[prev in list] [next in list] [prev in thread] [next in thread]
List: selinux
Subject: [RFC PATCH v2 2/2] [SELINUX] Better integration between peer labeling
From: Paul Moore <paul.moore () hp ! com>
Date: 2007-09-26 21:32:24
Message-ID: 20070926213224.15998.98092.stgit () flek ! americas ! hpqcorp ! net
[Download RAW message or body]
Rename the existing selinux_skb_extlbl_sid() function to
selinux_skb_peerlbl_sid() and modify it's behavior such that it now reconciles
multiple peer/external labels and if reconciliation is not possible it returns
an error to the caller.
---
security/selinux/hooks.c | 42 +++++++++++--------
security/selinux/include/security.h | 2 +
security/selinux/ss/services.c | 76 +++++++++++++++++++++++++++++++++++
3 files changed, 101 insertions(+), 19 deletions(-)

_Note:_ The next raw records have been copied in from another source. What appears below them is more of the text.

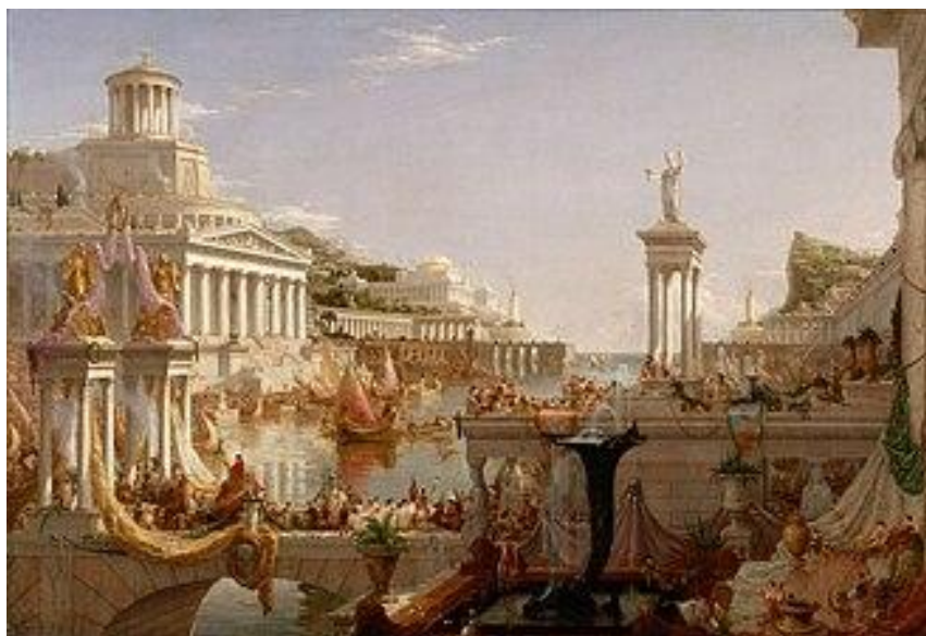
Figura 5 – “A consumação do império”, de Thomas Cole

Fonte: Thomas Cole National Historic Site (Cole, 1834-1836).
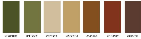
Gambar 5. Warna Emosi Gambaran Perasaan dari Hiruk Pikuk Perjalanan Mudik

bentuk dalam textile manipulation berupa panel two tone . Peranan garis hasil stilasi dari inspirasi mulih dilik atau mudik ini sangat penting untuk sampai pada tahap perwujudan, oleh karena itu hasil garis berliku dapat diterapkan dalam rancangan desain pada karya dibidang fashion [19].
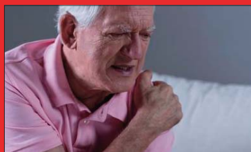
la Société Française de l'Etude et du Traitement de la Douleur. Douleurs articulaires,
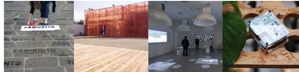
In copertina Km 5.8 NLD Workshop: alla riscoperta della ferula communis. Esempi di lavorazioni
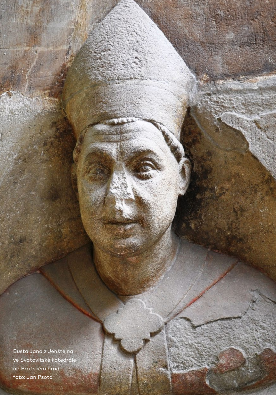
Busta Jana z Jenštejna ve Svatovítské katedrále na Pražském hradě
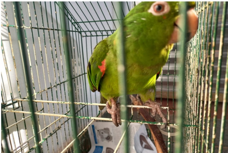
(39175) - Maritaca com penas cortadas trazida por munícipe de Jundiáí no dia 02-08-22.
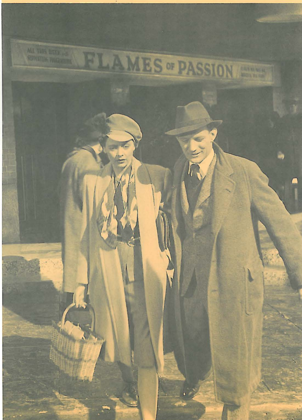
Celia Johnson e Trevor Howard en BRIEF ENCOUNTER (1945)

Alguén dixo que quizá BRIEF ENCOUNTER non sexa a mellor das películas británicas (aí está, molestando, Michael Powell), pero que non cabe dúbida de que é a máis británica das películas. O seu carácter emblemático procede do acerto con que sir Noël Coward e sir David Lean retrataron o modo de vida británico e a súa capacidade para frustrar unha apaixonada historia de amor, para negar toda paixón.
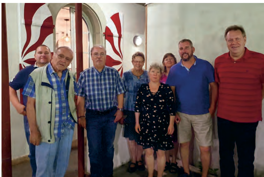
La passation des clés a eu lieu le jeudi 4 juillet.
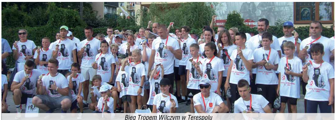
Bieg Tropem Wilczym w Terespolu
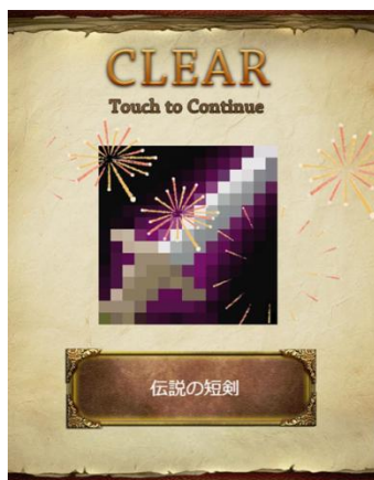
お絵かき パズル 1000!

誰でも気軽に楽しめるカジュアルゲームを、今後も続々追加いたしますので、続報をお待ちください。
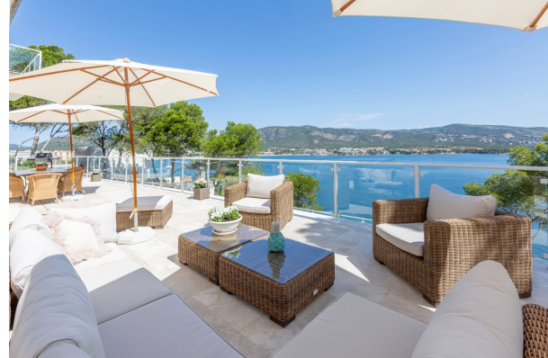
Leben direkt am Meer!
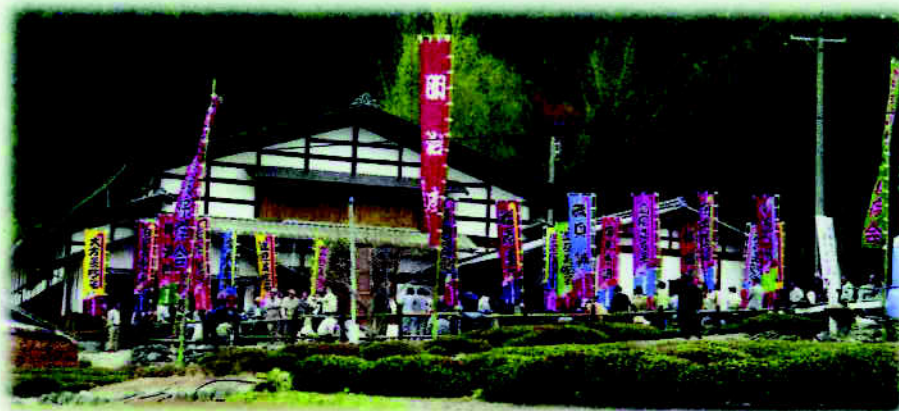
明治座歌舞伎公演
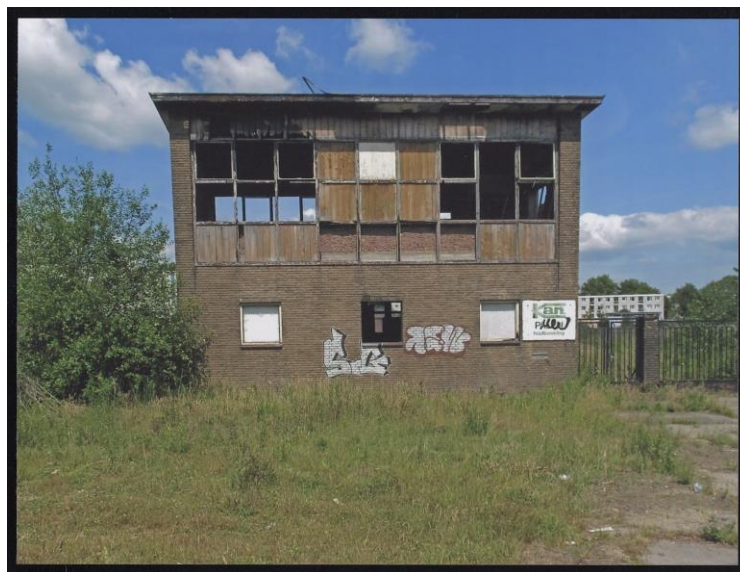
Voormalig gebouw van de heipalenfirma in 2011
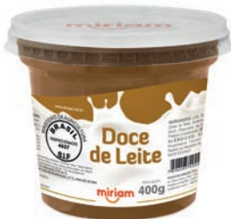
Doce de Leite 400g - 0452 - 7896485402209 NCM: 19019020
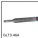
GLT3-46A Guide telescopiche acciaio con ammortizzatore, Estensione totale
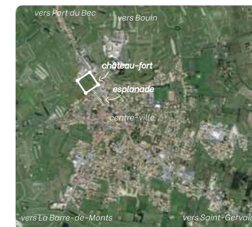
Emplacement estimé du château sur un fond de carte actuel. (2)
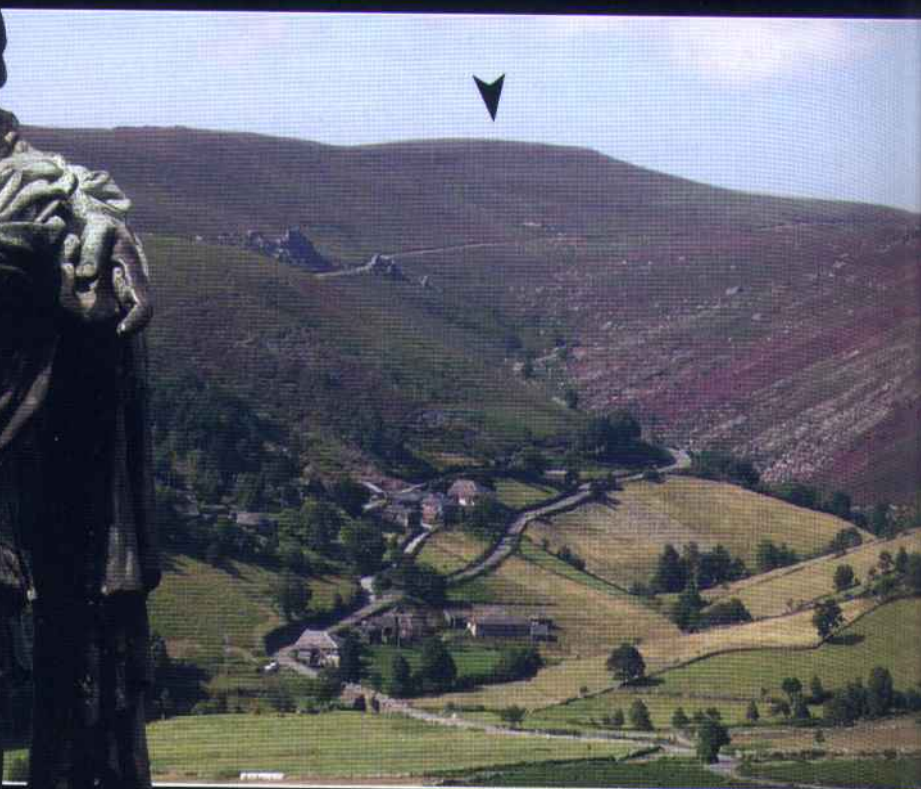
Vista xeneral del monte de Moyapán, dende La Llagrada, al sur, col pueblu d'El Rebolu en primer planu

1 davidviso@hotmail.com 2 pesicu@gmail.com
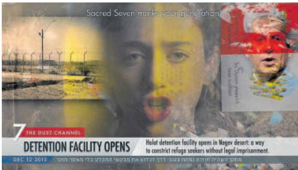
▲ Udstillingens første rum er opbygget som en biograf, hvor publikum kan hvile sig i biografstolene og opleve det lige dele underholdende og skræmmende filmværk "The Dust Channel" (2016), der blandt andet indeholder tv-klip, som beretter om antallet af asylansøgere i Israel og viser billeder af sand og grænsehegn omkring asyl-detentionen Holot i den israelske ørken. – Foto: Still fra "The Dust Channel"/Roe Rosen.

Filmen "The Dust Channel" er opbygget som en velarrangeret operette, hvor et pars
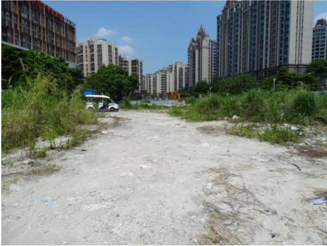
图 25 地块地表现状（东-西）
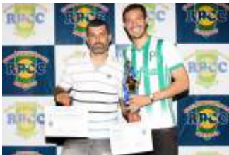
4º lugar Amigos do Guaraná/ Web Rádio Barretos
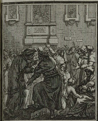
45. MATTH. XXVII. 20. Principes Sacerdotum & Seniores perfulserunt turbis, ut peterent Barabam, Jesum vero penderent.

diff --git a/security/selinux/hooks.c b/security/selinux/hooks.c
index 0753b20..9923c01 100644
--- a/security/selinux/hooks.c
+++ b/security/selinux/hooks.c
@@ -3132,32 +3132,31 @@ static int selinux_parse_skb(struct sk_buff *skb, struct avc_audit_data *ad,
}
/**
- * selinux_skb_extlbl_sid - Determine the external label of a packet
+ * selinux_skb_peerlbl_sid - Determine the peer label of a packet
* @skb: the packet
- * @sid: the packet's SID
+ * @sid: the packet's peer label SID
*
* Description:
- * Check the various different forms of external packet labeling and determine
- * the external SID for the packet. If only one form of external labeling is
- * present then it is used, if both labeled IPsec and NetLabel labels are
- * present then the SELinux type information is taken from the labeled IPsec
- * SA and the MLS sensitivity label information is taken from the NetLabel
- * security attributes. This bit of "magic" is done in the call to
- * selinux_netlbl_skbuff_getsid().
+ * Check the various different forms of network peer labeling and determine
+ * the peer label/SID for the packet; most of the magic actually occurs in
+ * the security server function security_net_peersid_cmp(). The function
+ * returns zero if the value in @sid is valid (although it may be SECSID_NULL)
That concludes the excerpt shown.